Additionally, you need to add a new credential "SQLWAREHOUSE_PASSWORD" to "Tools > Configuration > External Credentials (configure) > Add New Credential" with the password for your configured AzureSQL user.

Finally, restart Execute to activate the plugin ("Tools > Restart Execute Service")

Next, fine-tune the AzureSQL specific configuration settings in "Tools > Configuration > Settings (configure)".

Setting Default Value Description
SQL Warehouse Batch Size 1000 Number of Execute documents to include in a batch sent from AzureSQL. Rarely will this need to be adjusted.
SQL Warehouse Create Views NORMAL

Options are:

  • "NORMAL" - automatically creates helpful reporting views. These views are live views on top of EXECUTE_DOCUMENTS and are somewhat slow to query, but impose no overhead when publishing new data. This is the best option when the AzureSQL database is being used to feed into another database/warehouse for reporting.

  • "MATERIALIZED" - create helpful reporting tables which are populated using database triggers attached to EXECUTE_DOCUMENTS. These tables are slower to populate but much faster to query. This is the best option if you are routinely running reports against AzureSQL.

  • "NONE" - don't create reporting views.
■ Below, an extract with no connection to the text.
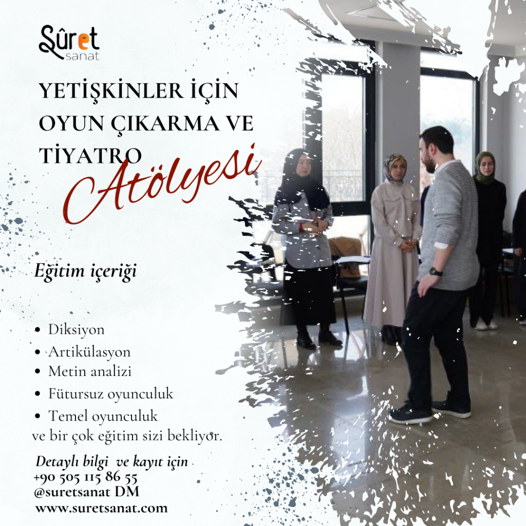Atölyemiz bünyesinde verilen eğitimlerden biri de genç ve yetişkinlere dönük olarak verilen Temel Oyunculuk Eğitimidir. Bu eğitim kapsamında atölyemize başvuran kişiler ile talepleri doğrultusunda en az 10 en fazla 20 saat olacak şekilde bir eğitim takvimi çıkarılır. Takvimde eğitimi alacak kişinin zaman uygunluğu öncelenir. Talep üzerine yapılan program ve takvim sonrası ücretlendirme yapılır ve kabul edilmesi halinde eğitimler belirlenen takvimlerde başlar. Eğitimlerimiz gruplar halinde de yapılabilmektedir. Grup halinde yapılan başvuruların eğitim ücretlerinde indirim tarifesi uygulanmaktadır. Eğitimlerimiz yalnızca oyunculuk yapmayı düşünen adayların değil farklı meslek gruplarında bulunan kişilere de hitap etmektedir. (Hukukçu, Eğitimci gibi)

Useful when reporting will be performed directly against EXECUTE_DOCUMENTS table.
SQL Warehouse Queue Wait 600 How often (in seconds) the buffer of updated documents will be sent to AzureSQL.

Finally:

  1. Instruct Execute to create (or update) the required tables and, if configured, reporting views by running "Tools > Synchronization > SQL Warehouse Schema Publisher (run)".

  2. Instruct Execute to export the current version of ALL documents in Execute to AzureSQL by running "Tools > Synchronization > SQL Warehouse Document Publisher (run)".

At this point, your AzureSQL environment will contain a copy of all document-level data captured in Execute and Execute will automatically keep that data up-to-date (at the interval - Queue Wait - configured) as changes are made within Execute.

Rerunning the SQL Warehouse Schema Publisher sync job will update the reporting views to reflect recent schema changes in Execute (i.e. as a result of adding a new custom field or performing a software update).

Rerunning the SQL Warehouse Document Publisher sync job will republish the current version of all documents to AzureSQL. This is primarily useful for situations where a backend SQL script made changes to Execute's data that wouldn't be detected by the automated publishing.